#### [Task details]
Return the material below exactly, but only from the line with "邱金保的人生轨迹颇具传奇色彩" through the line with "activated Rx List.", and without its pictures.

#### [Source material]
+ + + +
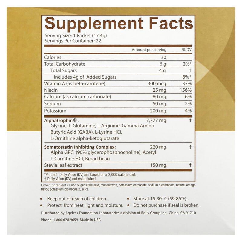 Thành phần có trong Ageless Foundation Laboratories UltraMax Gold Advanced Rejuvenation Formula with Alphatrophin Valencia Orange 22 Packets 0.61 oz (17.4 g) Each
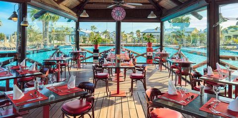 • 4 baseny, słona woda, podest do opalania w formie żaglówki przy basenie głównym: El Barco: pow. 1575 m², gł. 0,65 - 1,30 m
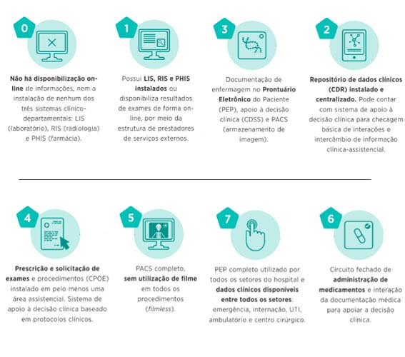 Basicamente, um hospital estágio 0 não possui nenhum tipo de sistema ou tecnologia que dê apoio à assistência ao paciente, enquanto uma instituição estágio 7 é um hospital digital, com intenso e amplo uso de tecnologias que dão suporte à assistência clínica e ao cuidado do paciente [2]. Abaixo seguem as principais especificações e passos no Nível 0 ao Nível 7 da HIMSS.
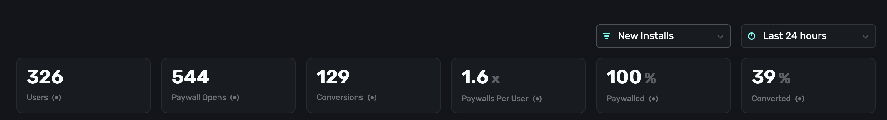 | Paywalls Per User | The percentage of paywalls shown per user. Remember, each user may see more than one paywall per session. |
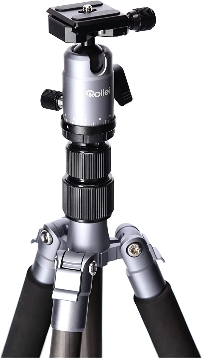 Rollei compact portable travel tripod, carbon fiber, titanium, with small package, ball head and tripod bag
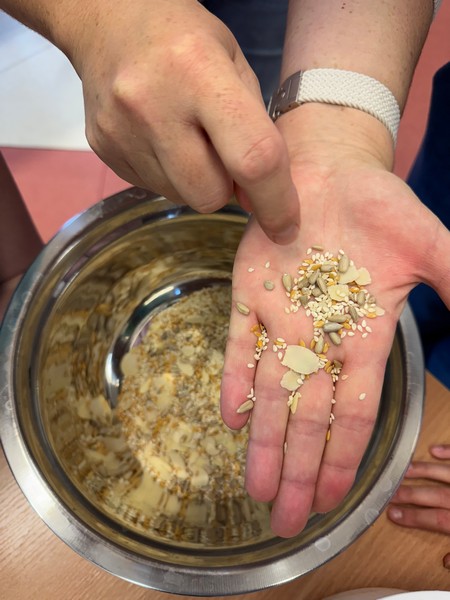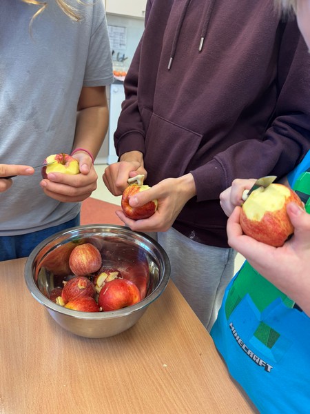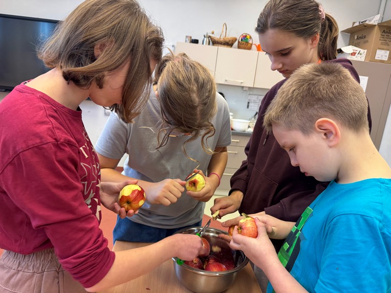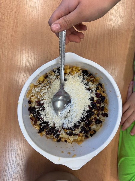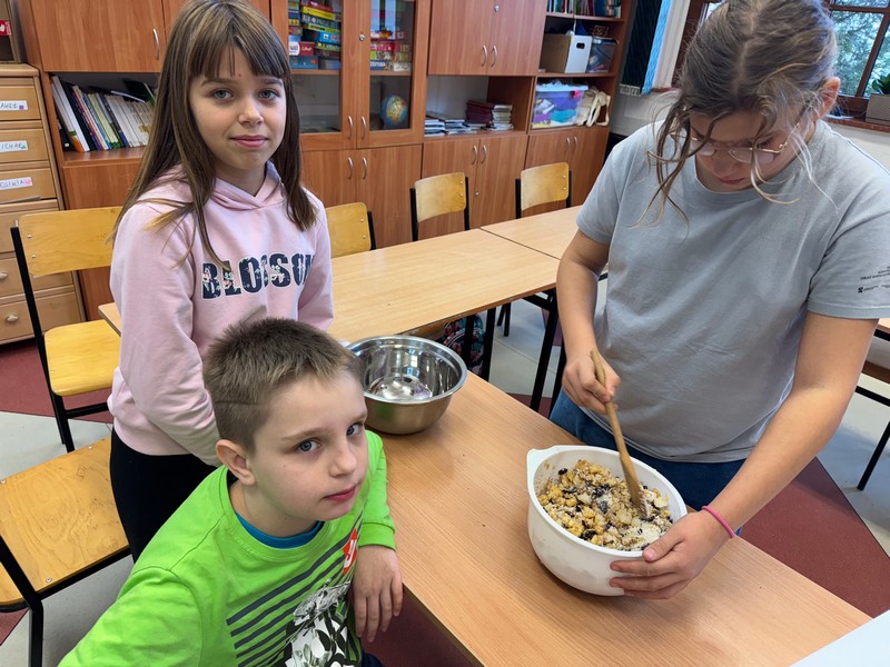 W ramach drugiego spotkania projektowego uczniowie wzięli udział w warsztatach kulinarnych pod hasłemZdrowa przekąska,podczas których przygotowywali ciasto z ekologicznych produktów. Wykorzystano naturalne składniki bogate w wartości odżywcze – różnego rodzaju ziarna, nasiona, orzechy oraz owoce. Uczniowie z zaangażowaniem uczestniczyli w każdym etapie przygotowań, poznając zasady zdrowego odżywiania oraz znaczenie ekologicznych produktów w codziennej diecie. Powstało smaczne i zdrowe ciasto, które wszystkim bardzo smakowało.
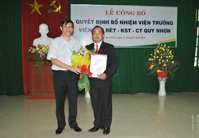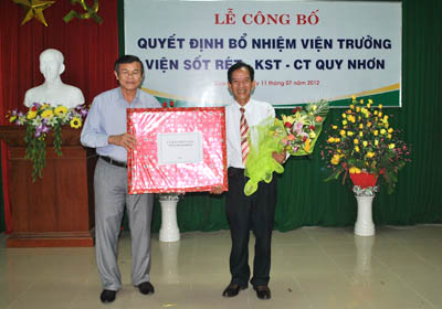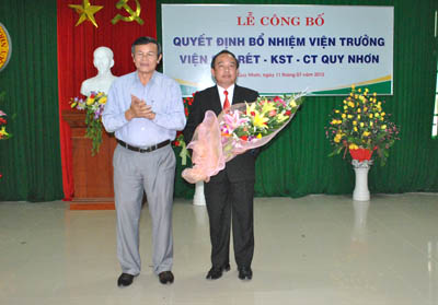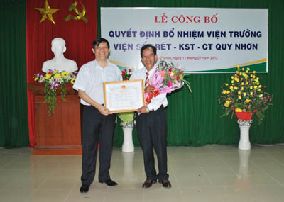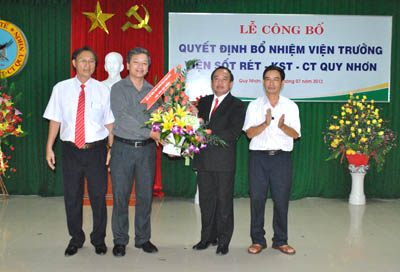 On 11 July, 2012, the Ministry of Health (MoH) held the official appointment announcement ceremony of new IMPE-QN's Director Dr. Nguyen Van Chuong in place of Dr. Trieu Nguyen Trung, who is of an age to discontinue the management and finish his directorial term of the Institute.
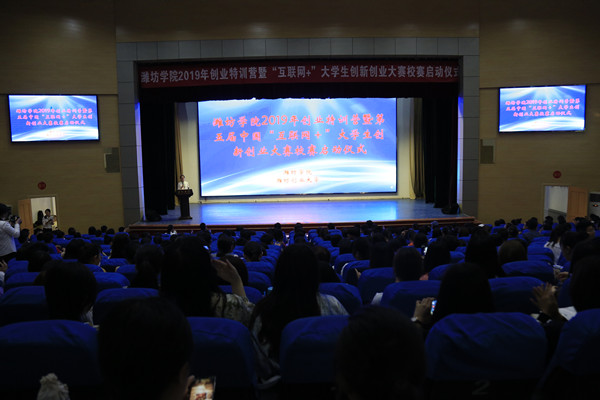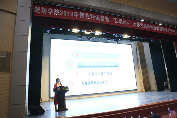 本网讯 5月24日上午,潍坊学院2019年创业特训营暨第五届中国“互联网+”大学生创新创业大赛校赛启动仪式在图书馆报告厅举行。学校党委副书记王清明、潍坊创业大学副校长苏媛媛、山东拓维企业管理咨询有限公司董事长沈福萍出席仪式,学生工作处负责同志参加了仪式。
+ + + +
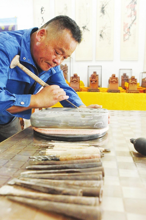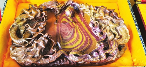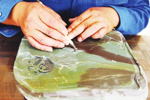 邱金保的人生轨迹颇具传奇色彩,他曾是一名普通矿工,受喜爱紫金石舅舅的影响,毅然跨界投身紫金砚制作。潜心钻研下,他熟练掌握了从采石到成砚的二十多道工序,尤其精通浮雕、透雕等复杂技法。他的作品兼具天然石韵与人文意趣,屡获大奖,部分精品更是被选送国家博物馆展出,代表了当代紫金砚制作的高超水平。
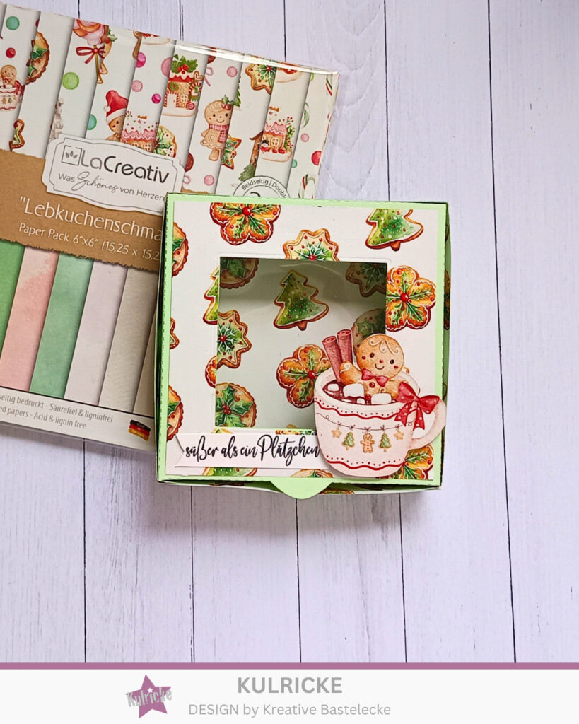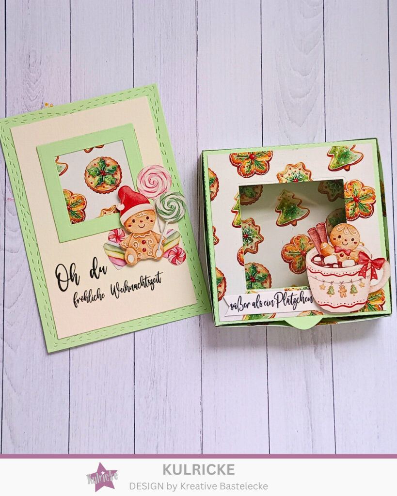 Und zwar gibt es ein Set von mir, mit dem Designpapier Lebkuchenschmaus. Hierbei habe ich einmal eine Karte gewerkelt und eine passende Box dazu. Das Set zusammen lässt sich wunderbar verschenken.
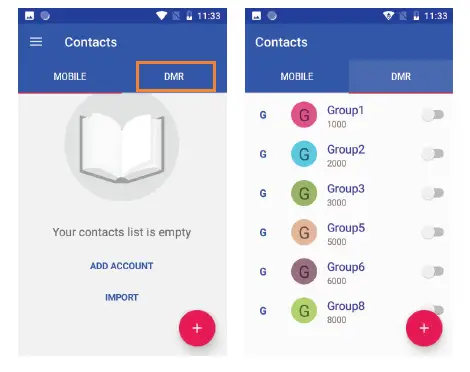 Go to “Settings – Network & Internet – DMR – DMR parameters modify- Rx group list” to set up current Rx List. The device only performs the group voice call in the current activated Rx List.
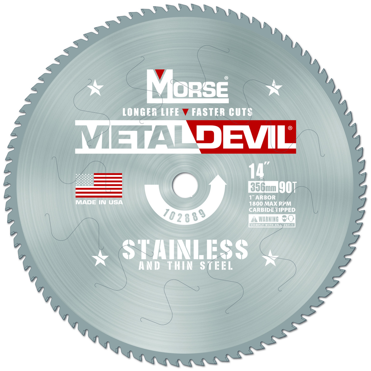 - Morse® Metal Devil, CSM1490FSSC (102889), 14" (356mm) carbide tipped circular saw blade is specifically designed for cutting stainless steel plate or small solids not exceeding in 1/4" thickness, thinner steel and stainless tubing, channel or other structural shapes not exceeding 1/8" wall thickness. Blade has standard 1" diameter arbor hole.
+ + + +
#### [Output of the task]
 邱金保的人生轨迹颇具传奇色彩,他曾是一名普通矿工,受喜爱紫金石舅舅的影响,毅然跨界投身紫金砚制作。潜心钻研下,他熟练掌握了从采石到成砚的二十多道工序,尤其精通浮雕、透雕等复杂技法。他的作品兼具天然石韵与人文意趣,屡获大奖,部分精品更是被选送国家博物馆展出,代表了当代紫金砚制作的高超水平。
 Und zwar gibt es ein Set von mir, mit dem Designpapier Lebkuchenschmaus. Hierbei habe ich einmal eine Karte gewerkelt und eine passende Box dazu. Das Set zusammen lässt sich wunderbar verschenken.
 Go to “Settings – Network & Internet – DMR – DMR parameters modify- Rx group list” to set up current Rx List. The device only performs the group voice call in the current activated Rx List.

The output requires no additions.